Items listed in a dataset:
%%
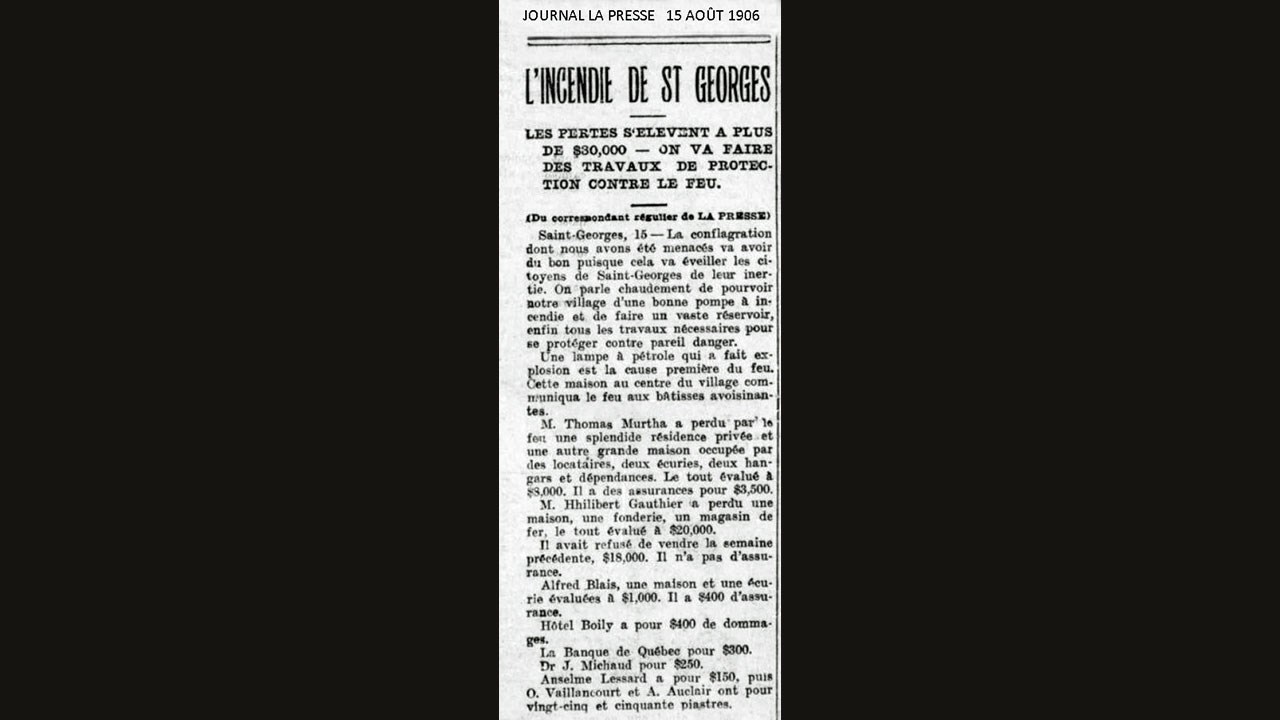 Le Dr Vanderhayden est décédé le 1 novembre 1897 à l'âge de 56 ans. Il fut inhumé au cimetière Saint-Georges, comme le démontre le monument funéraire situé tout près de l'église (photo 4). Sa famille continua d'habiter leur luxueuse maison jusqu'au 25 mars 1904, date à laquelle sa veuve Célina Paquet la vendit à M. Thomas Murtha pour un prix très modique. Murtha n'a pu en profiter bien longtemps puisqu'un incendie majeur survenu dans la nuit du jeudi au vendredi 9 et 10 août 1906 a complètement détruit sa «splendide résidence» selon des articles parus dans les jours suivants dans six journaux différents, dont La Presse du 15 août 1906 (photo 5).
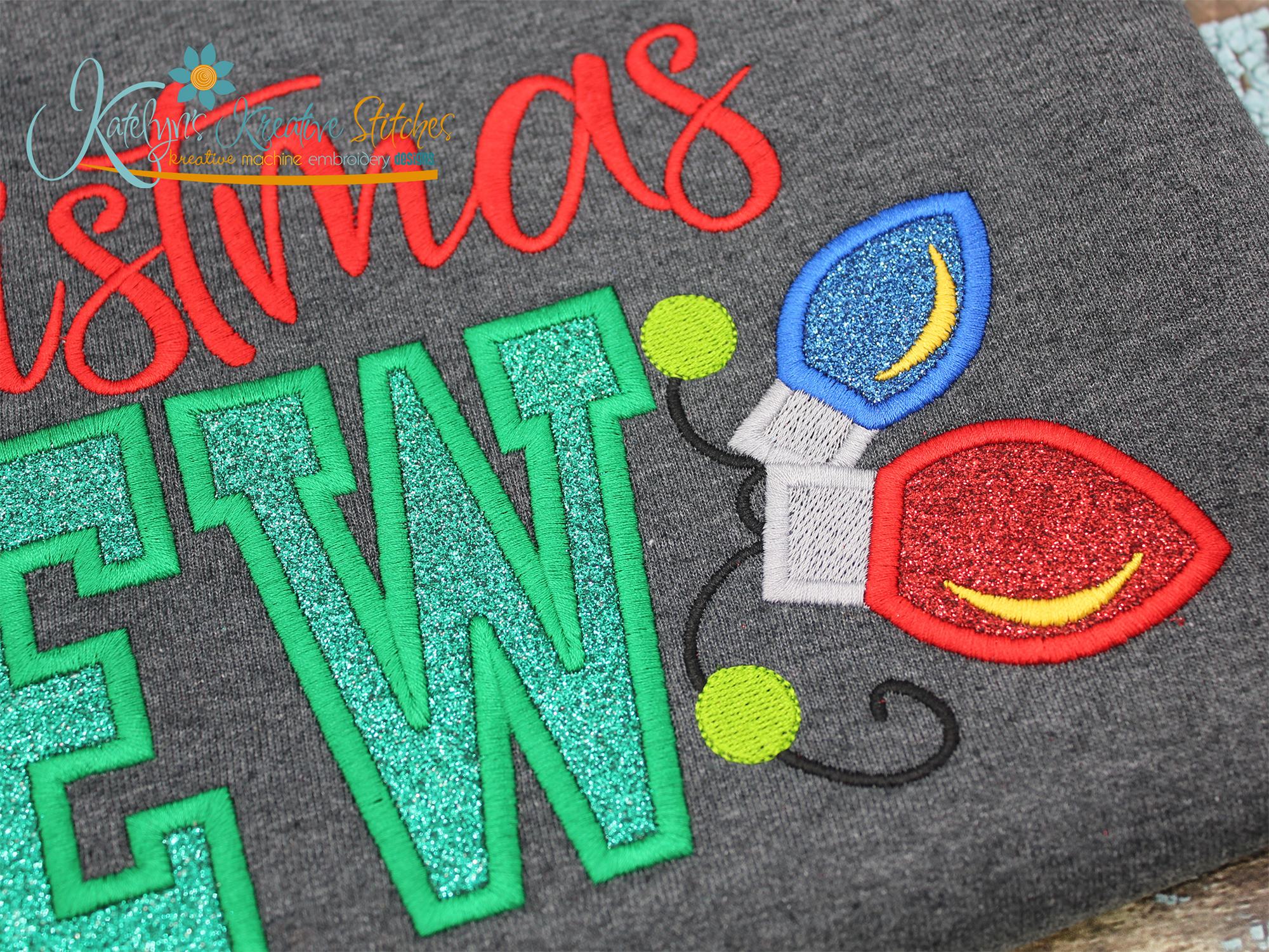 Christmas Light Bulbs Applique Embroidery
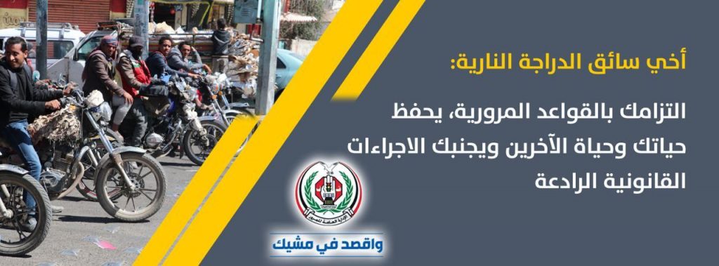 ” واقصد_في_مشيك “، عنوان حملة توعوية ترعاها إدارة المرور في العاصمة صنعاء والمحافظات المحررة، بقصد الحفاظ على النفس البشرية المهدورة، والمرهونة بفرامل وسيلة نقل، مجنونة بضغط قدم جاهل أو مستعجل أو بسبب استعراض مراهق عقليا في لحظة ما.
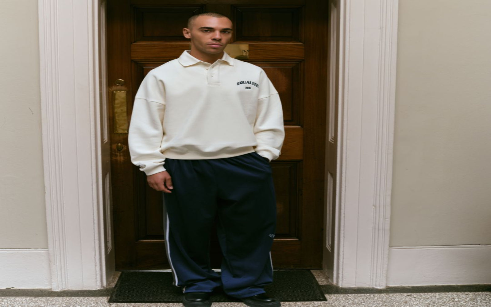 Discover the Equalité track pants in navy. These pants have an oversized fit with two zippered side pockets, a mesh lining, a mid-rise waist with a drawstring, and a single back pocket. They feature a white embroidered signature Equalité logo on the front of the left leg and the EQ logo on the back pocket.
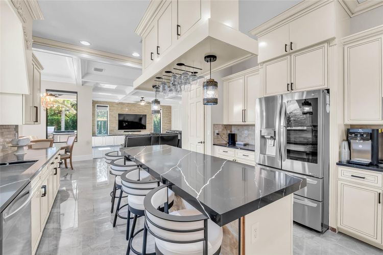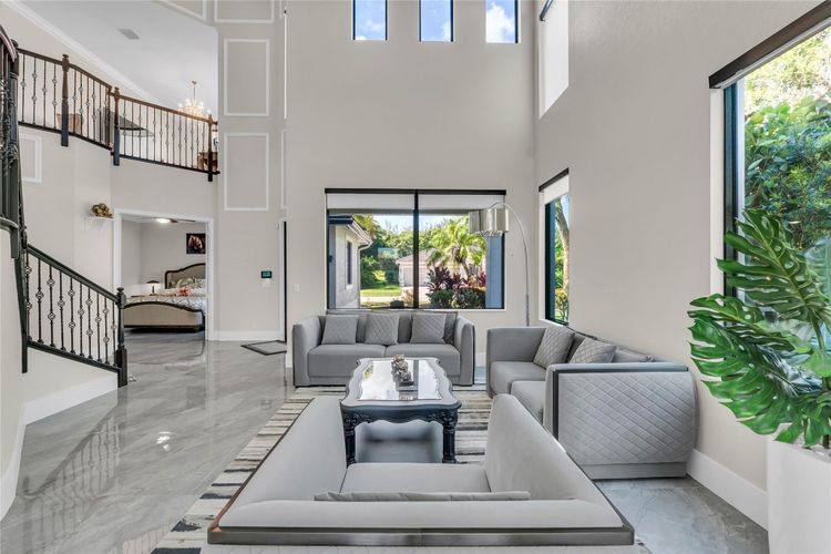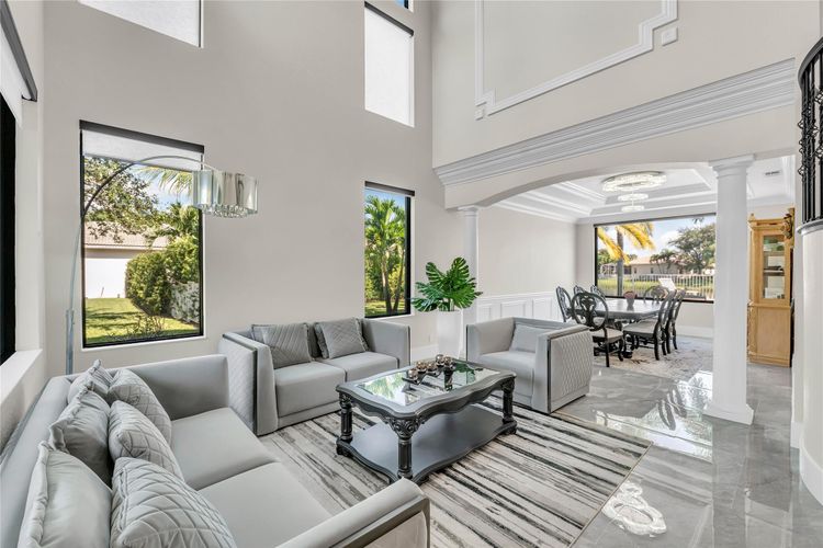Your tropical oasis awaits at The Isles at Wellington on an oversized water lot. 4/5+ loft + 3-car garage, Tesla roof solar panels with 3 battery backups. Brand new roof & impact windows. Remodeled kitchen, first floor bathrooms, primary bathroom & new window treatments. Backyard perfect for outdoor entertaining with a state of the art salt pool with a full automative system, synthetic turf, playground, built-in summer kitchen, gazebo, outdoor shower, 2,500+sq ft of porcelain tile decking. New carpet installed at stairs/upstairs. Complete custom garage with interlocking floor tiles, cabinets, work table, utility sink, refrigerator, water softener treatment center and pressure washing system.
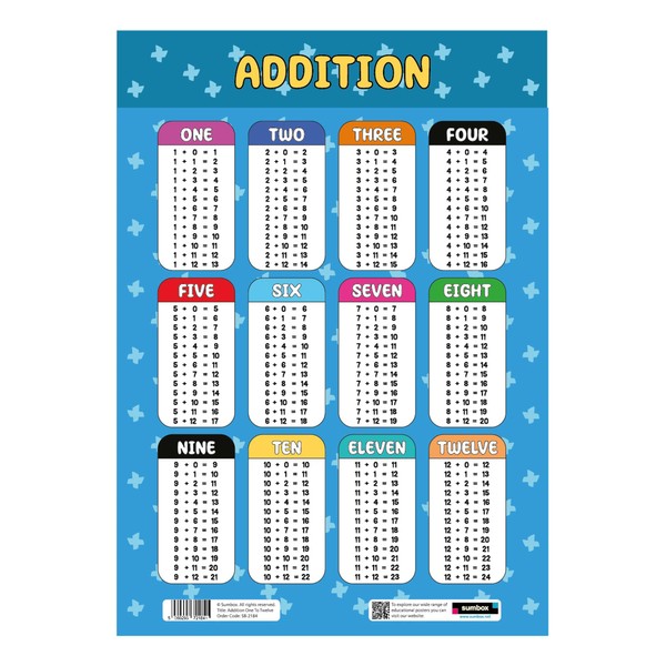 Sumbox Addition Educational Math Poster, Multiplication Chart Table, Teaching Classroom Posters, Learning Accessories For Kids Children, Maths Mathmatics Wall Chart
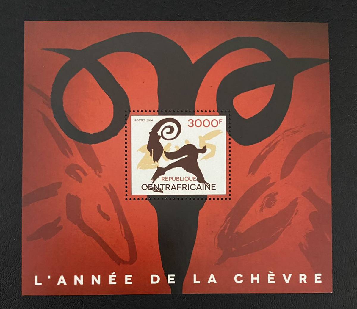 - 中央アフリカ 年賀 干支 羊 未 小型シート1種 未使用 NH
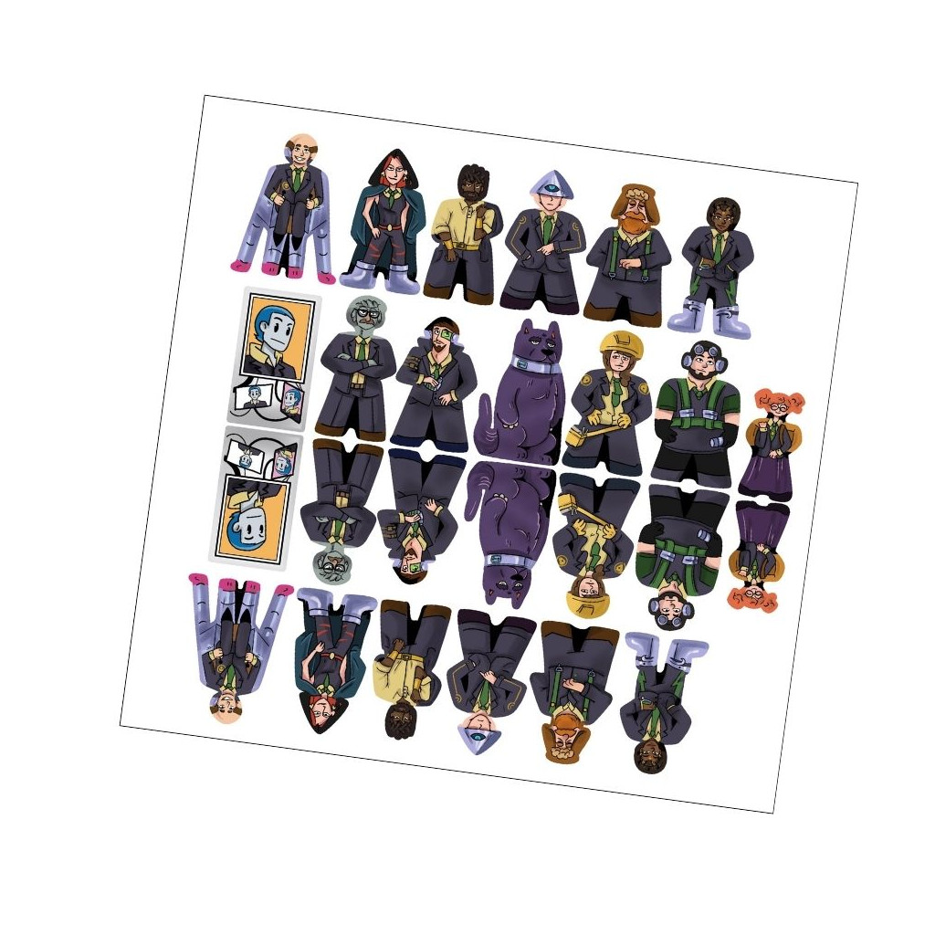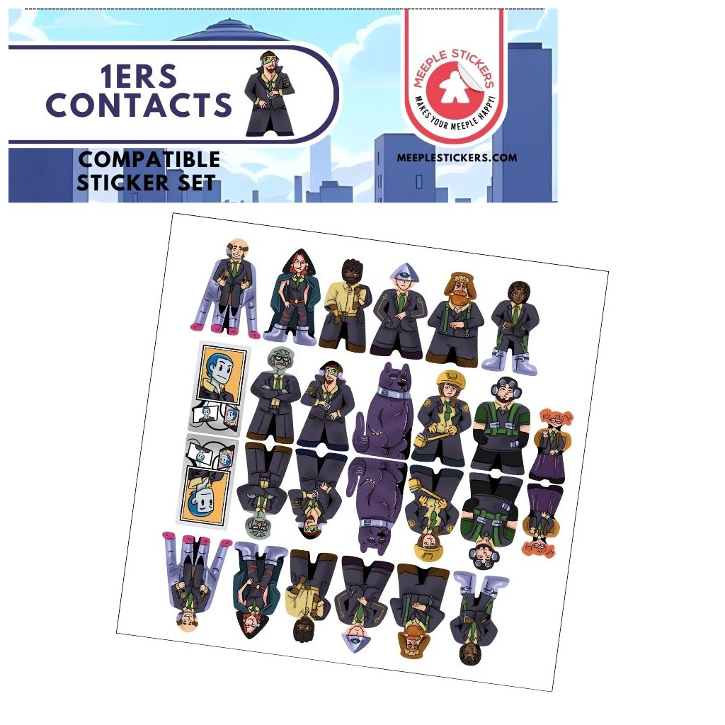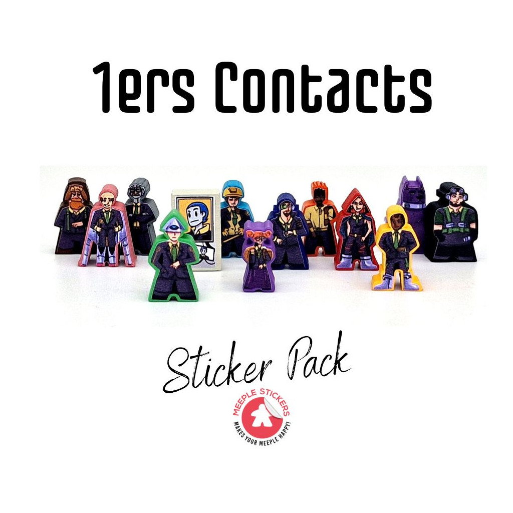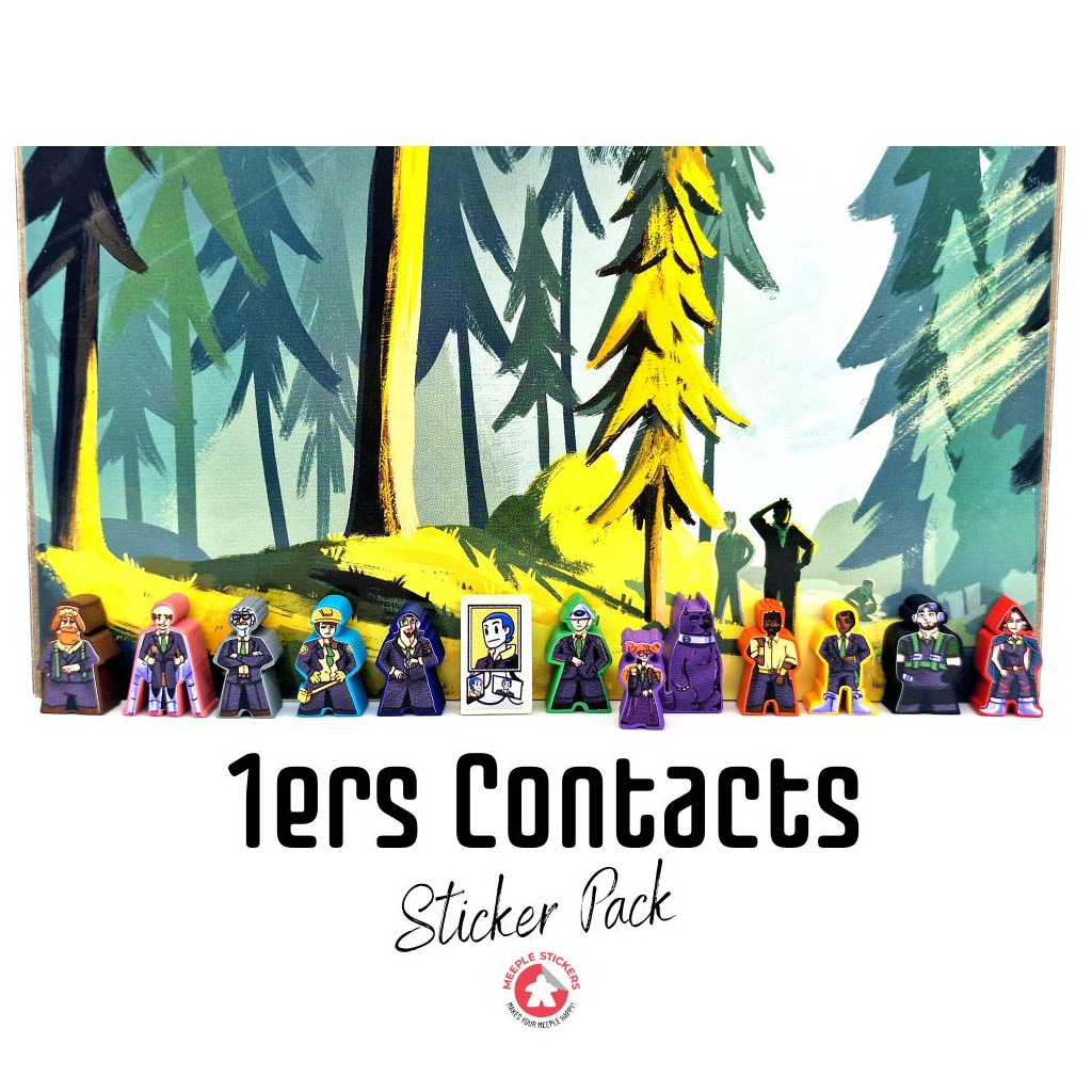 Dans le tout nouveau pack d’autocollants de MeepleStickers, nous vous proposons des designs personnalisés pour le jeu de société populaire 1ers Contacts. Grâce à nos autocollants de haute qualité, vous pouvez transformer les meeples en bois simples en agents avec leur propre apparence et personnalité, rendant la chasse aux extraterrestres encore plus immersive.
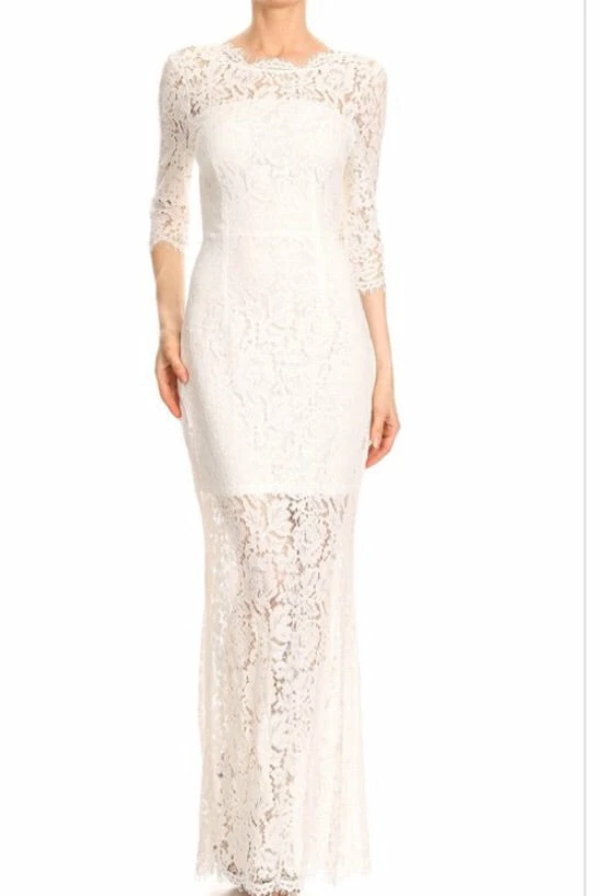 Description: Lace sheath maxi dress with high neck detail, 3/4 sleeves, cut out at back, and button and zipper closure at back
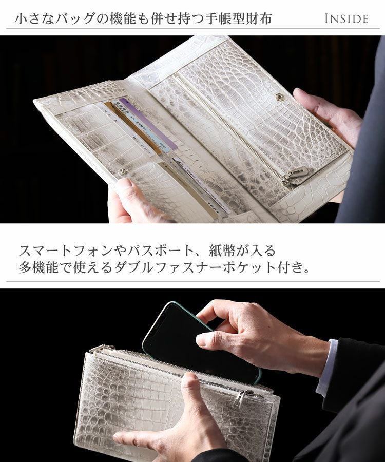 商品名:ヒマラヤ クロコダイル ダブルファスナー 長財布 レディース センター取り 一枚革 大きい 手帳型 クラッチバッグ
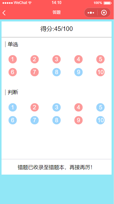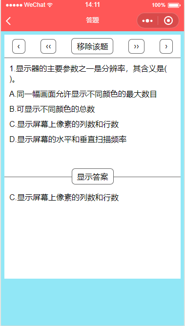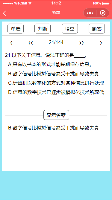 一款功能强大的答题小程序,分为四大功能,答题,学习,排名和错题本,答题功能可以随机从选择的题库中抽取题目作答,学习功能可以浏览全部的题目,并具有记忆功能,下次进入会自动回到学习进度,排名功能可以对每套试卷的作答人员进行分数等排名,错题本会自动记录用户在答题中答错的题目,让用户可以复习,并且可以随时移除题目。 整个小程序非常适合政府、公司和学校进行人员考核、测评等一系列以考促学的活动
%%
• [What this task involves]: Please repeat exactly the lines from the one containing "Dans le tout" through the last line of the records, both included, and leave out the pictures.

• [Written response]:
 Dans le tout nouveau pack d’autocollants de MeepleStickers, nous vous proposons des designs personnalisés pour le jeu de société populaire 1ers Contacts. Grâce à nos autocollants de haute qualité, vous pouvez transformer les meeples en bois simples en agents avec leur propre apparence et personnalité, rendant la chasse aux extraterrestres encore plus immersive.
 Description: Lace sheath maxi dress with high neck detail, 3/4 sleeves, cut out at back, and button and zipper closure at back
 商品名:ヒマラヤ クロコダイル ダブルファスナー 長財布 レディース センター取り 一枚革 大きい 手帳型 クラッチバッグ
 一款功能强大的答题小程序,分为四大功能,答题,学习,排名和错题本,答题功能可以随机从选择的题库中抽取题目作答,学习功能可以浏览全部的题目,并具有记忆功能,下次进入会自动回到学习进度,排名功能可以对每套试卷的作答人员进行分数等排名,错题本会自动记录用户在答题中答错的题目,让用户可以复习,并且可以随时移除题目。 整个小程序非常适合政府、公司和学校进行人员考核、测评等一系列以考促学的活动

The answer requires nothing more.